> **Work order**
The answer must be the full data, restated word for word, with no pictures in it.

> **The data**
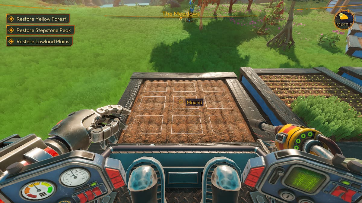 装备所需的工具后,请确保选择您想要种植的种子/芽然后用 LMB 开始种植。当你种植植物时,你会看到可用土丘的轮廓(在你制作的地块中),你可以在其中种植东西,所以只需瞄准并将这些种子射入土壤中即可。我没有发现关于阳光、一起种植某些植物等的具体规则。所以基本上,你只需种植它,给它浇水,然后就完成一天的工作。
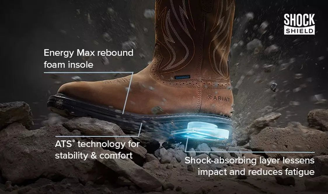 Fear no impact, feel no fatigue. Sierra Shock Shield helps you stay comfortable longer absorbing impact to your feet. Extremely durable, cushioned, and heat-resistant, it's ideal for harsh outdoor jobs, high heat environments, and intense construction work. Style # 10044544.
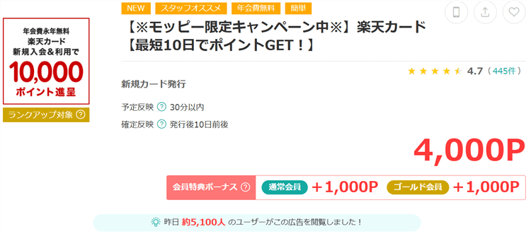 下は日本最大級の大人気ポイントサイト「モッピー」になります。
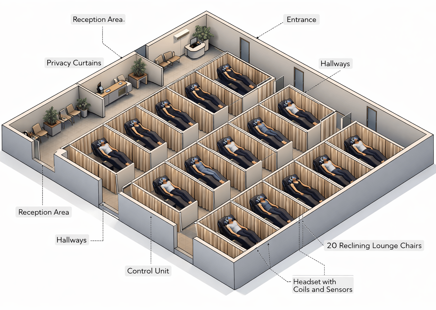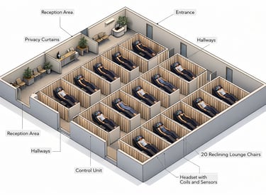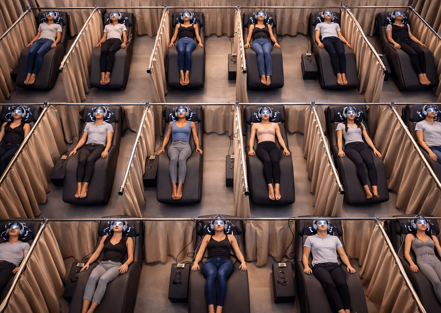 Pense nisso como o equivalente mental de um estúdio de fitness ou sala de recuperação: os clientes visitam regularmente para melhorar o foco, reduzir o estresse e redefinir seu estado cognitivo.

> **Exercise output**
 装备所需的工具后,请确保选择您想要种植的种子/芽然后用 LMB 开始种植。当你种植植物时,你会看到可用土丘的轮廓(在你制作的地块中),你可以在其中种植东西,所以只需瞄准并将这些种子射入土壤中即可。我没有发现关于阳光、一起种植某些植物等的具体规则。所以基本上,你只需种植它,给它浇水,然后就完成一天的工作。
 Fear no impact, feel no fatigue. Sierra Shock Shield helps you stay comfortable longer absorbing impact to your feet. Extremely durable, cushioned, and heat-resistant, it's ideal for harsh outdoor jobs, high heat environments, and intense construction work. Style # 10044544.
 下は日本最大級の大人気ポイントサイト「モッピー」になります。
 Pense nisso como o equivalente mental de um estúdio de fitness ou sala de recuperação: os clientes visitam regularmente para melhorar o foco, reduzir o estresse e redefinir seu estado cognitivo.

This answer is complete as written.